Gravitational waveform accuracy requirements for current and future ground-based detectors

Next-generation (XG) Gravitational-Wave (GW) detectors of the coming decade, such as Cosmic Explorer and Einstein Telescope, will enable detailed studies of stellar mass binary black hole (BBH) mergers across the Universe. Accurate waveform models are crucial for inferring binary parameters, including black hole (BH) masses and spins from a GW signal. These models are created from numerical relativity (NR) simulations and semi-analytical expressions during the inspiral phase. We evaluate the limitations of current waveform models using multiple likelihood models to determine the signal-to-noise ratio above which systematic biases will dominate our inferences for prominent BBH systems, leading to potential wrongful scientific conclusions at higher sensitivities.

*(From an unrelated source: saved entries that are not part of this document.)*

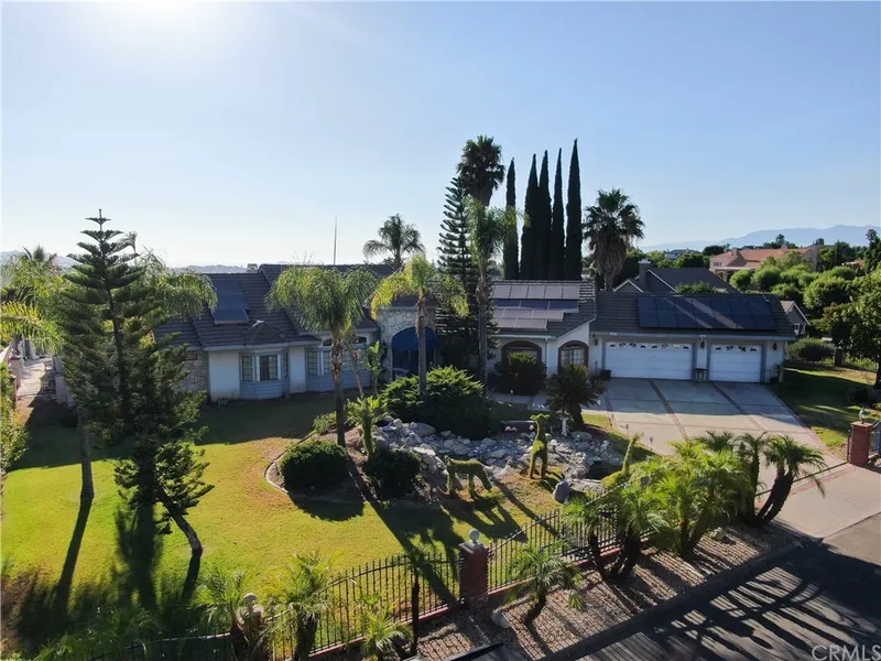 This unique custom home is situated on an amazing 1.05 acre lot featuring a pool and spa, orange grove, and an additional detached garage. A stately office/bedroom opens up off of the foyer. As you continue down the hall you'll find 2 spacious bedrooms and a full, hall bath with dual sinks. Bedroom number two has a built in Murphy bed, which makes the room extremely versatile. The enormous master suite features a walk in closet, a retreat with fireplace, and French doors that open up to the pool and spa area outside. The master bath features a large soaking tub, shower, dual sinks, and a separate water closet. The palatial living room with high beamed ceilings, fireplace, and wet bar make this home an entertainer's delight! The large kitchen has ample counter space and cupboards for storage, center island for food prep, additional walk in pantry, breakfast bar and adjacent dining nook. The formal dining room opens up to a formal sitting room. In the backyard, stairs lead down from the gated pool area to the orange grove and detached garage, that could be converted to an ADU/man cave/game room. There's plenty of space to plant your own vegetable garden! On the side yard, there's a gorgeous gazebo set amongst fig and palm trees. With the 3 car garage, large driveway, & the additional detached 2 car garage your family will have plenty of space for parking. This is an extraordinary home!!((CLICK ON THE VIRTUAL TOUR)) and step inside to your new home!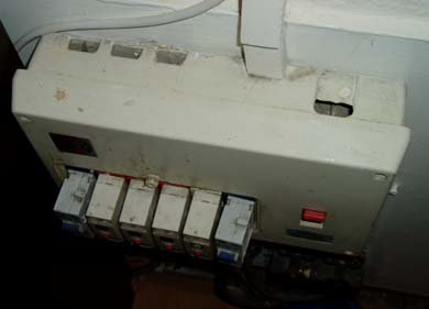 units with missing covers, the one in the kitchen also has unsealed cable entry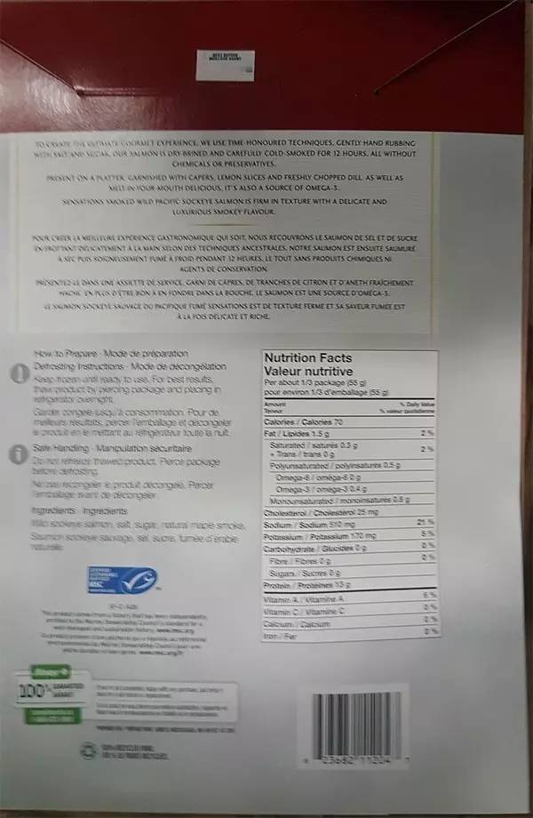 加拿大乐活网(lahoo.ca)获悉,这两款烟熏三文鱼都开包即食,在安省销售较多,但加拿大其他省份也有可能有售。涉嫌感染李斯特菌的烟熏三文鱼看起来与正常三文鱼无异,有可能不会出现异味或看起来变质。但食用之后,有可能出现呕吐、恶心、持续发烧、肌肉酸痛、严重头痛及脖颈酸痛等症状。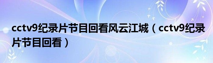 cctv9纪录片节目回看风云江城(cctv9纪录片节目回看)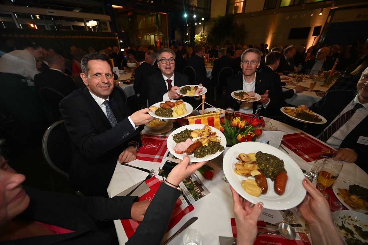 Die 67. Auflage des „Gröönkohl-Ätens“ fand wie gewohnt in der Vertretung des Landes Niedersachsen in der Bundeshauptstadt statt. Rund 270 Gäste aus Politik, Wirtschaft, Kultur und öffentlichem Leben sorgten für einen vollen Saal. Unter ihnen war auch Bundestagsvizepräsident Bodo Ramelow (Die Linke), der kurzfristig der Einladung gefolgt war, sowie Niedersachsens Innenministerin Daniela Behrens und Niedersachsens Wissenschaftsminister Falko Mohrs. Der Botschafter der Republik Litauen, Giedrius Puodžiūnas, gab sich ebenfalls die Ehre. Mit Stephan Weil war in Personalunion sowohl ein ehemaliger Grünkohlkönig als auch ein Ministerpräsident außer Dienst anwesend.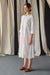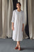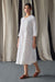 Pleatings on the yoke, Hand-Scalloped Edges Tonal Embroidery. Made with Ecovero Linen Blend. Dress Length 45 inches. 100% Bio-Degradable. Environment Conscious. Model is 5'7 wearing size M.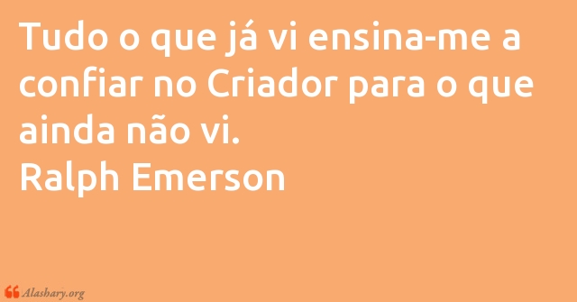 Tudo o que já vi ensina-me a confiar no Criador para o que ainda não vi. Ralph Emerson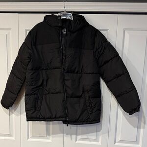 Stay warm and stylish with this sleek black puffer jacket, perfect for any cold weather outing.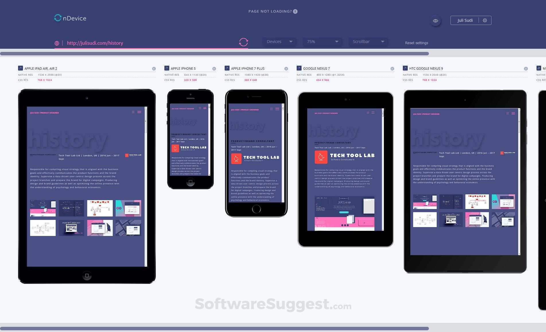 OnDevice is an online presentation tool made for web design and digital marketing agencies to showcase the benefits of responsive websites to their clients. OnDevice gives you an interactive collection of realistic-looking mobile phones, tablets, notebooks, and monitors to show you how your website looks on today's most popular devices.
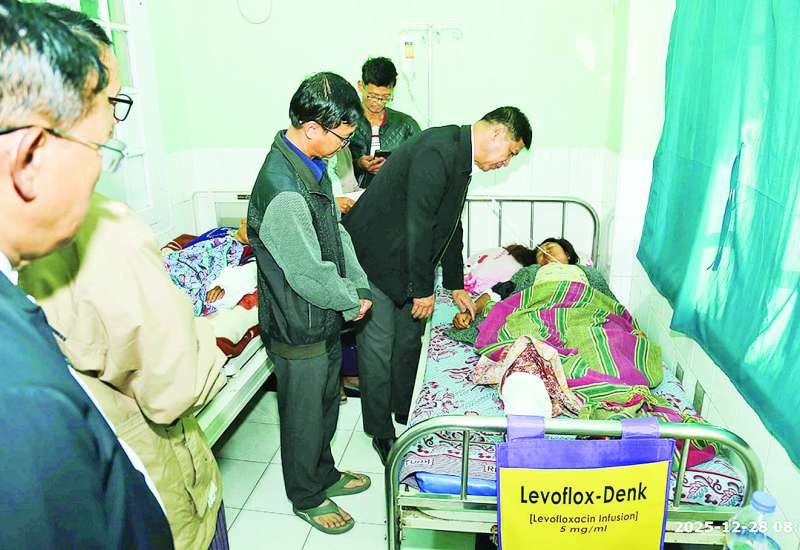 မန္တလေးတိုင်းဒေသကြီးဝန်ကြီးချုပ် ဦးမျိုးအောင်သည် တိုင်းဒေသကြီးဝန်ကြီးများနှင့် အတွင်းရေးမှူးတို့လိုက်ပါပြီး ယနေ့နံနက်ပိုင်းက မန္တလေးမြို့တွင်းသို့ အကြမ်းဖက်သောင်းကျန်းသူများ ပစ်ခတ်ခဲ့သည့် ရှော့တိုက်ဒုံးကျရောက်ပေါက်ကွဲမှုကြောင့် အပြစ်မဲ့ပြည်သူ အရပ်သားနှစ်ဦးမှာ ထိခိုက်ဒဏ်ရာရရှိ၍ မန္တလေးပြည်သူ့ဆေးရုံကြီးတွင် ဆေးကုသပေးနေမှုအား သွားရောက်ကြည့်ရှုပြီး အားပေးစကားများ ပြောကြားကာ ထောက်ပံ့ငွေများ ပေးအပ်ခဲ့သည်။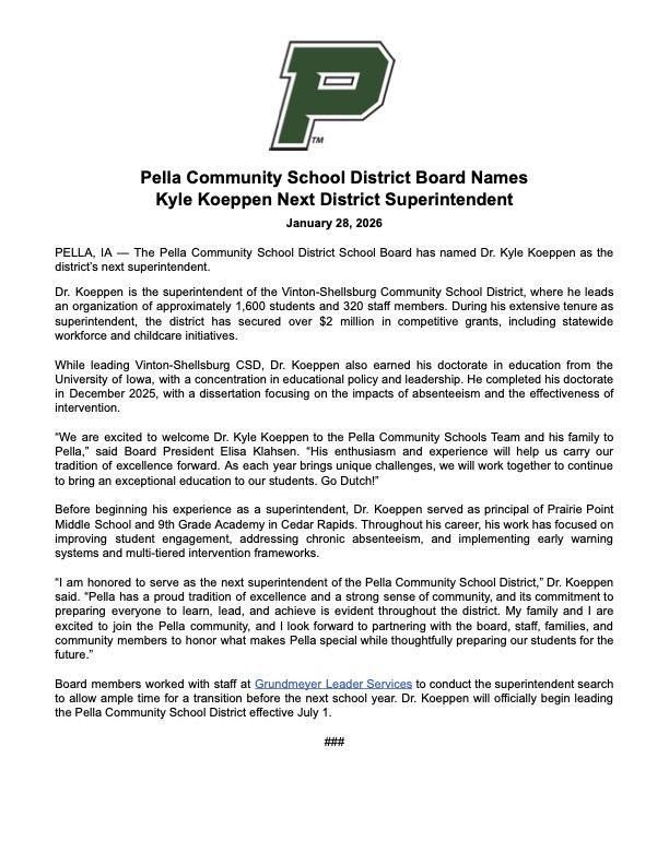 “We are excited to welcome Dr. Kyle Koeppen to the Pella Community Schools Team and his family in Pella,” School Board President Elisa Klahsen said in a statement.

For XG detectors, we will require semi-analytical waveform models to be at least two orders of magnitude more accurate and improvements of one order of magnitude for NR waveforms. Biases in the inferred mass, luminosity distance, inclination of the binary orbit, and spin parameters are significant for XG networks, which may impact future BH populations and cosmological studies. Addressing these challenges requires the development of more comprehensive and accurate waveform models, alongside crucial advancements in the efficiency of NR codes in the coming decade, to fully capitalize on the scientific potential of XG detector networks.